NASA Wants You to Send Your Art to an Asteroid

The agency is looking for creative contributions as it readies its mission to study and sample a near-Earth asteroid

NASA's OSIRIS-REx project will send a craft to a near-Earth asteroid and take a sample to study back on Earth. NASA

What do artists and rocket scientists have in common? Hold the jokes, please—they share plenty of similarities. After all, both art and space exploration plumb the depths of human ingenuity and take the mind far beyond the boundaries of that which can be seen or imagined. Now, NASA has unveiled a way to combine the impulse to create and the desire to explore the depths of outer space with an invitation for the public to send their artwork to an asteroid.

The agency recently announced that it’s looking for artistic submissions to be sent to Bennu, an asteroid formerly known as 101955. Bennu is the target of NASA’s upcoming Origins, Spectral Interpretation, Resource Identification, Security-Regolith Explorer (OSIRIS-REx) mission, which will launch this September.

Chosen for its proximity to Earth, size and composition, Bennu will be the setting for one of NASA’s most ambitious missions yet—one that seeks to map, document, measure and even grab a sample from the asteroid for study. Scientists hope that a better understanding of Bennu will yield more information about the origins of the solar system and perhaps life itself—a proposition that already sounds pretty dang inspiring.
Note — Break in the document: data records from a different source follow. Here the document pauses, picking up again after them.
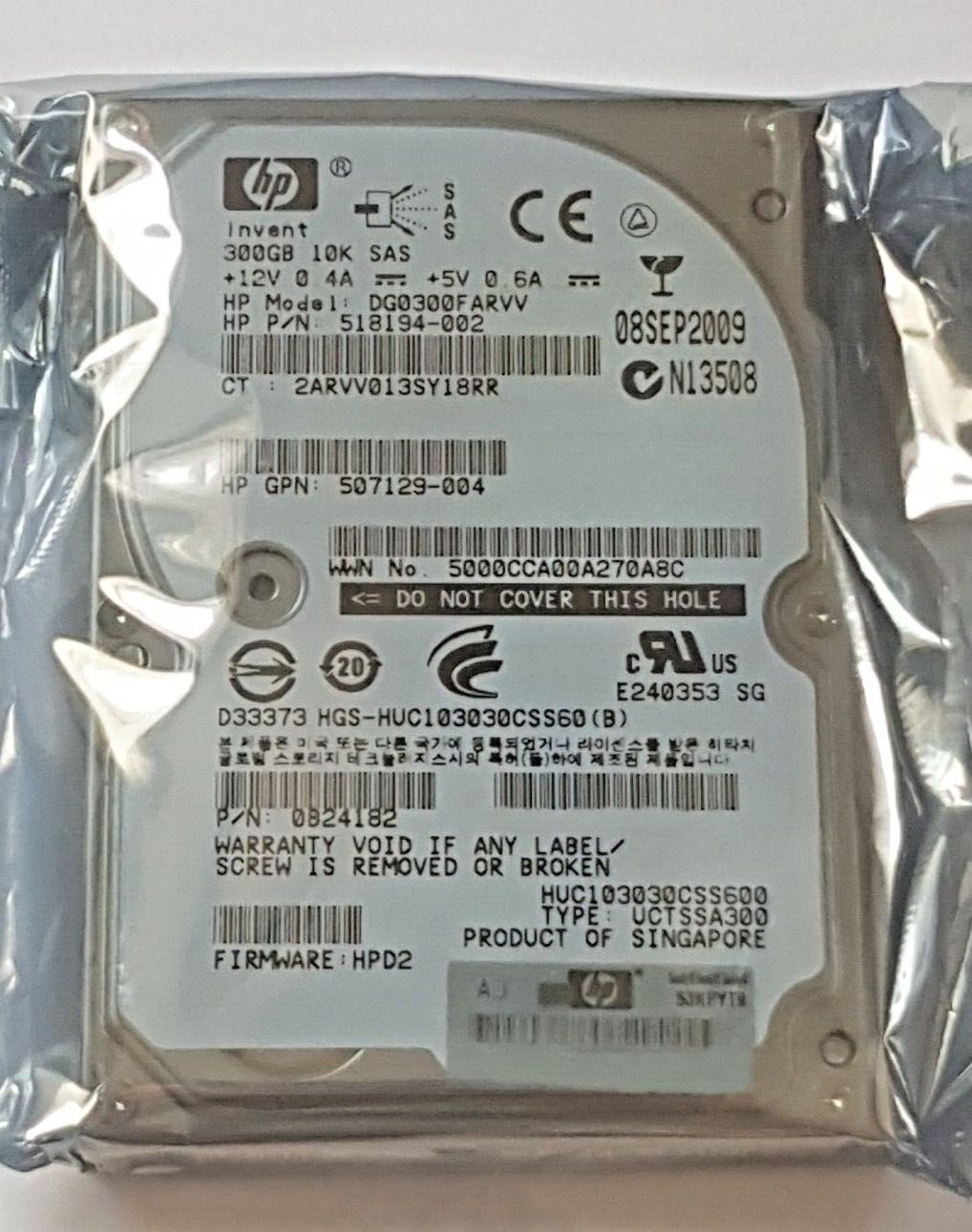 300 GB SAS 6gb/S HP DG0300FARVV 10k RPM 64MB SFF HDD 2.5 内蔵ハードドライブ
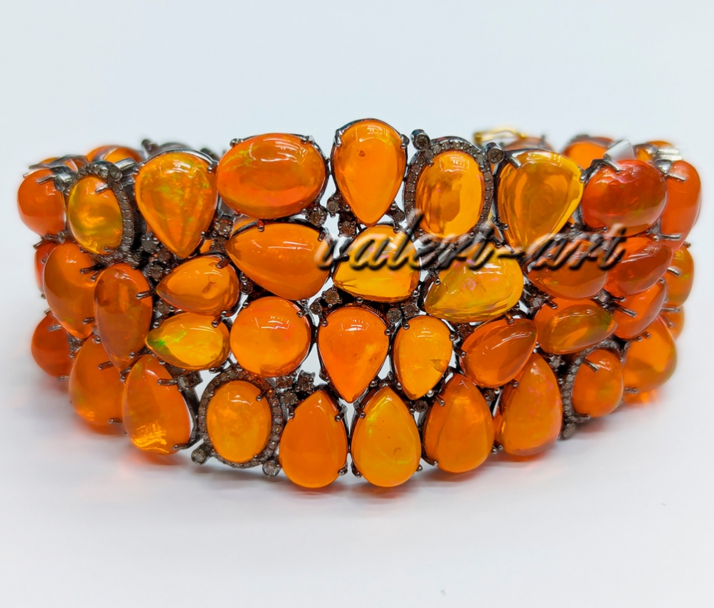 Серебряный браслет с натуральным огненным опалом и бриллиантами
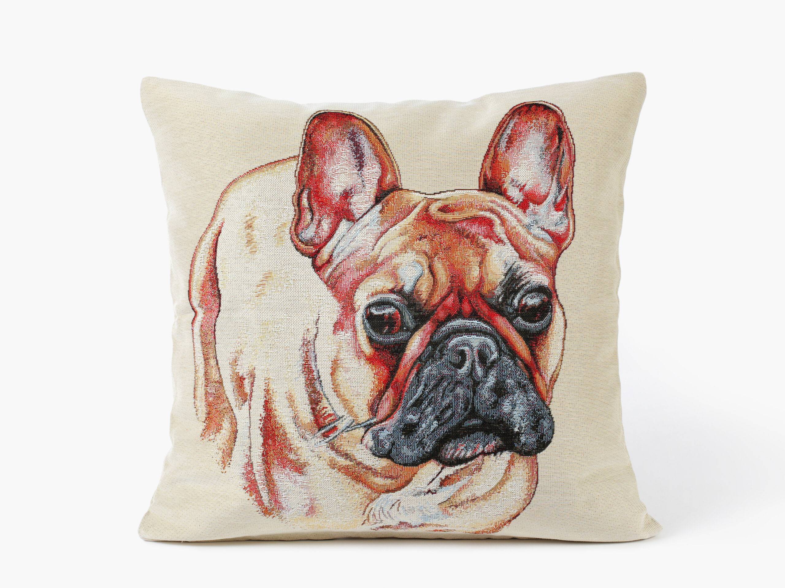 Příjemný a luxusní povlak Gobelín obdaří váš polštář krásným vzorem s portrétem buldoka. Povlak má praktické zapínání na zip.
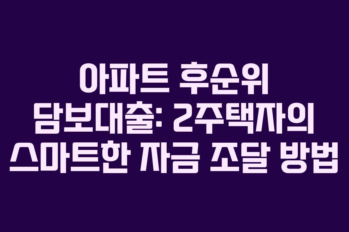 아파트 후순위 담보대출: 2주택자의 스마트한 자금 조달 방법
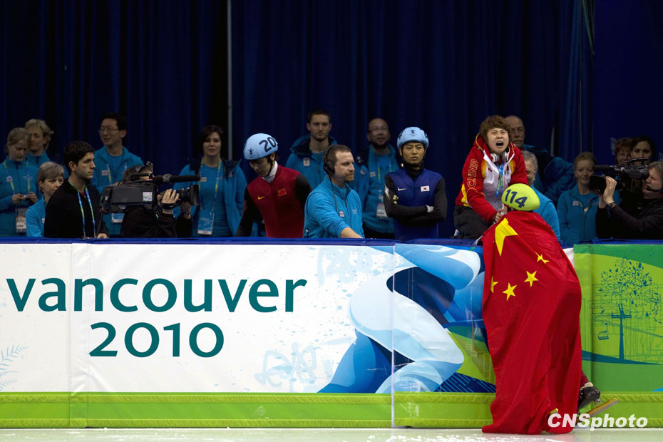 2月21日中午,剛剛結(jié)束的冬奧會(huì)短道速滑女子1500米決賽中,中國(guó)選手周洋力壓各路名將,以破奧運(yùn)會(huì)紀(jì)錄的2分16秒993的成績(jī)奪冠,為中國(guó)代表團(tuán)添得第三金。中新社發(fā) 盛佳鵬 攝
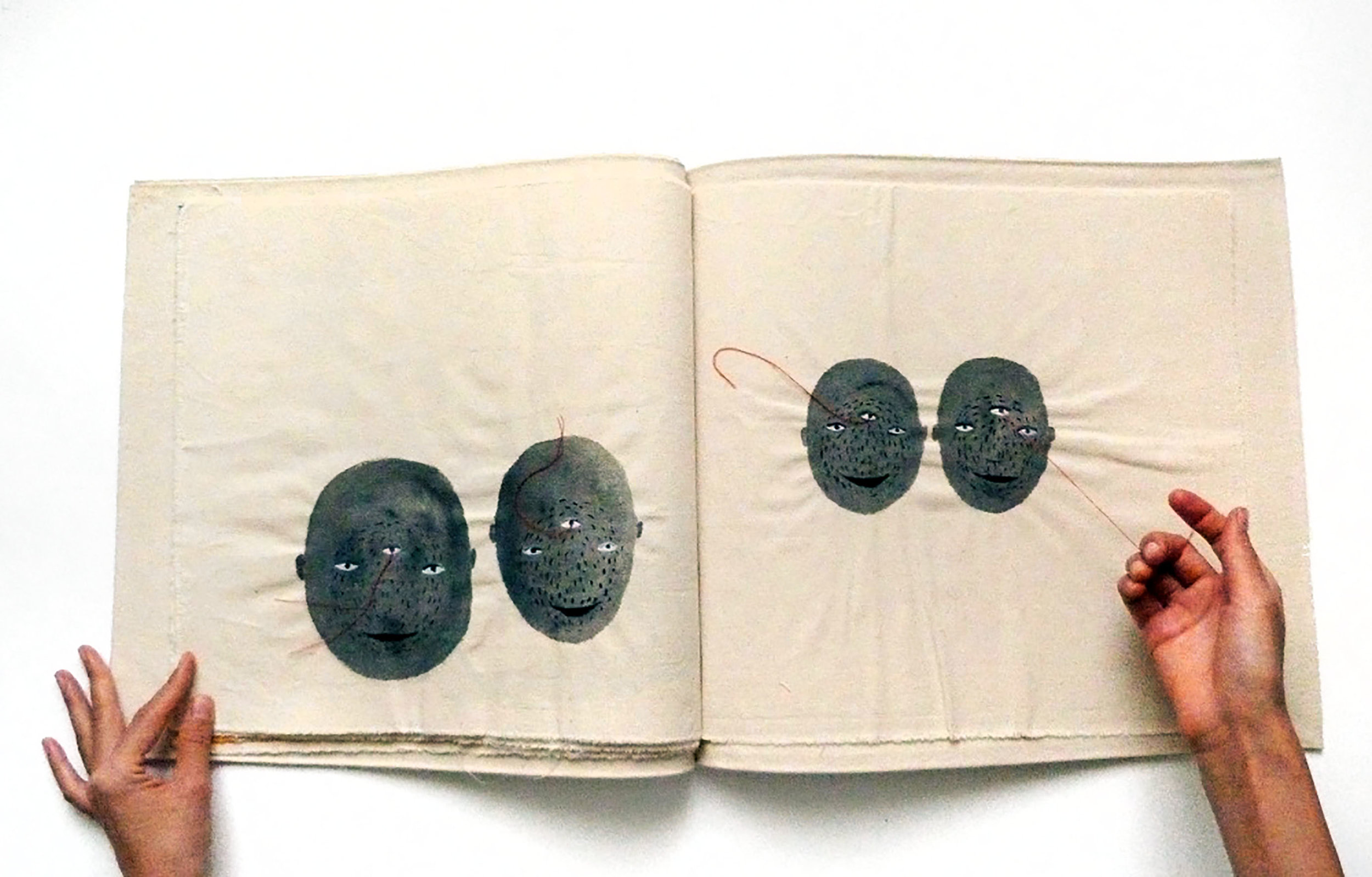 Drawing book, watercolour on canvas, red thread, 9 pages, 19.6 x 25.6 in.

But it gets even more creative: Now, NASA is calling on members of the public to submit artwork that expresses what it means to be an explorer. Submissions to the agency’s “We Are the Explorers” project will be collected on the mission site, saved on a chip and launched along with the spacecraft destined to stay on Bennu for millennia.

“Space exploration is an inherently creative activity,” Dante Lauretta, principal investigator for the mission, in a release. She calls OSIRIS-REx a “great adventure”—just like the act of creating a piece of art. Who knows what researchers will find on the asteroid…or who (or what) might see your art once it escapes the bounds of Earth’s atmosphere?